Table 1 Parameters obtained from fitting circuit model to impedance data

6 Conclusions

This study presents a microfluidic device that can perform physical capture and measure impedance by impedance spectroscopy at the single cell level. This microfluidic device comprises a PDMS channel with micro pillars and a glass substrate with electrodes. The experiments reveal that the single HeLa cell is successfully captured by the micro pillars. Its impedance is measured by impedance spectroscopy at frequencies of between 1 and 100 kHz. The commercial software CFD–ACE+ is adopted to study the flow of the microstructures in the channel; the probability of cell capture by three micro pillars is about 10%. Additionally, an equivalent circuit model, incorporating the cell, dielectric capacitance and electrodes, is established. The circuit can be modeled electrically as Z cell in parallel with C di and both in series with a pair of R e. The equivalent circuit model fits the experimental results closely at various operating voltages. The system parameters can be obtained from the curving fitting of all samples.

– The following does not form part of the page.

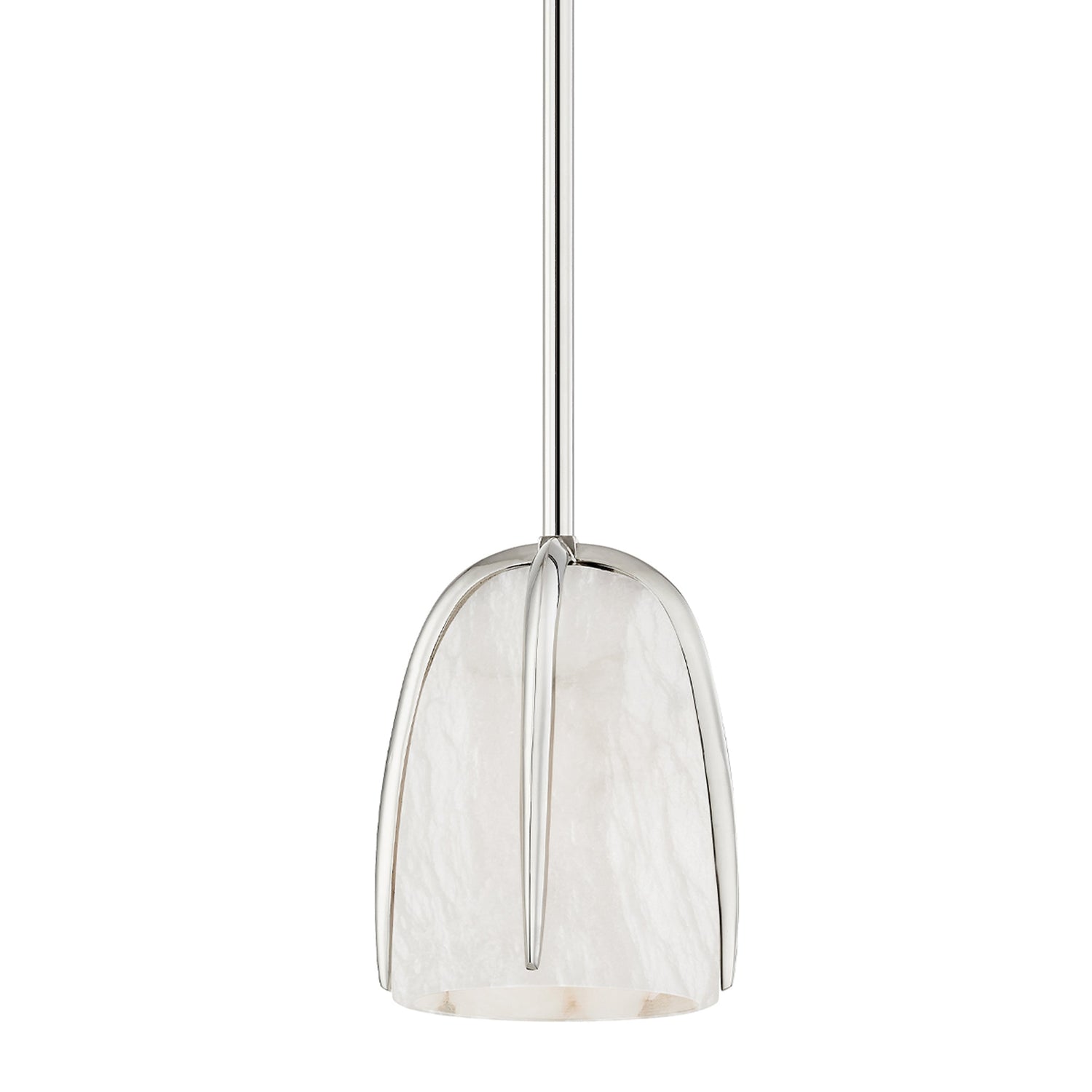 Smooth, curved metal arms cradle Spanish white alabaster shades giving Wheatley a soft, subtleness that works with any design style. Candelabra LEDs illuminate the alabaster and cast light down from the pendant.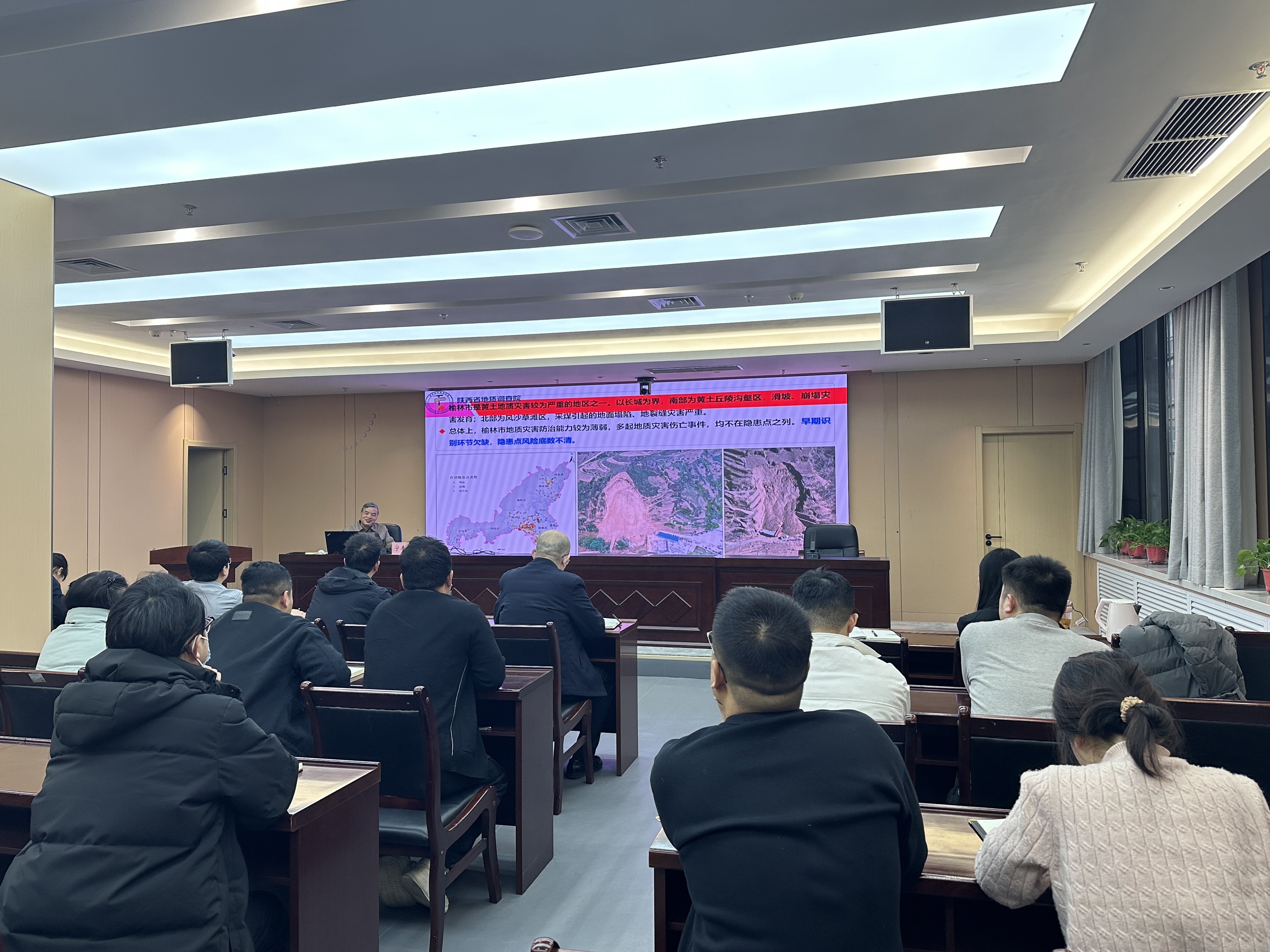 宁奎斌同志结合自身长期从事地质灾害防治工作经验,围绕城镇地质灾害风险调查技术规范要求、黄土地区地质灾害防治、陕北黄土地区典型地质灾害案例分析等方面内容进行了深入浅出地讲解,从基础理论入手,对黄土概念、地层划分、结构特征等基本概念进行了讲解,并结合近年来吴起县、志丹县、子洲县等地发生的多起地质灾害实例,详细剖析了诱发地质灾害的致灾因子和破坏路径,简要分析了黄土地区发生地质灾害的前兆现象及其时空分布规律,提出了防治对策建议。此外,还针对风险调查项目的设计书编制、野外调查实施及成果报告撰写等重点环节进行了讲解辅导。

According to the experimental results for HeLa cell and isotonic solution, the magnitude of the HeLa cell is smaller than magnitude of isotonic solution about 1∼2 orders at 0.1 and 0.5 V because this cell is more conductive than isotonic solution. The results of the HeLa cell experiments show that the magnitude of the HeLa cell declines as the frequency increases at all operation voltages because the HeLa cell is capacitive. Furthermore, increasing the operating voltage reduces the magnitude of the HeLa cell impedance because a strong electric filed may increase the exchange of ions between cytoplasm and isotonic solution. Below the operating voltage of 0.9 V, the system impedance responds like a parallel circuit below 30 kHz and like a series circuit between 30 and 100 kHz. The phase of the HeLa cell impedance is characteristic of a series circuit when the operating voltage exceeds 0.8 V because Z cell is then significant.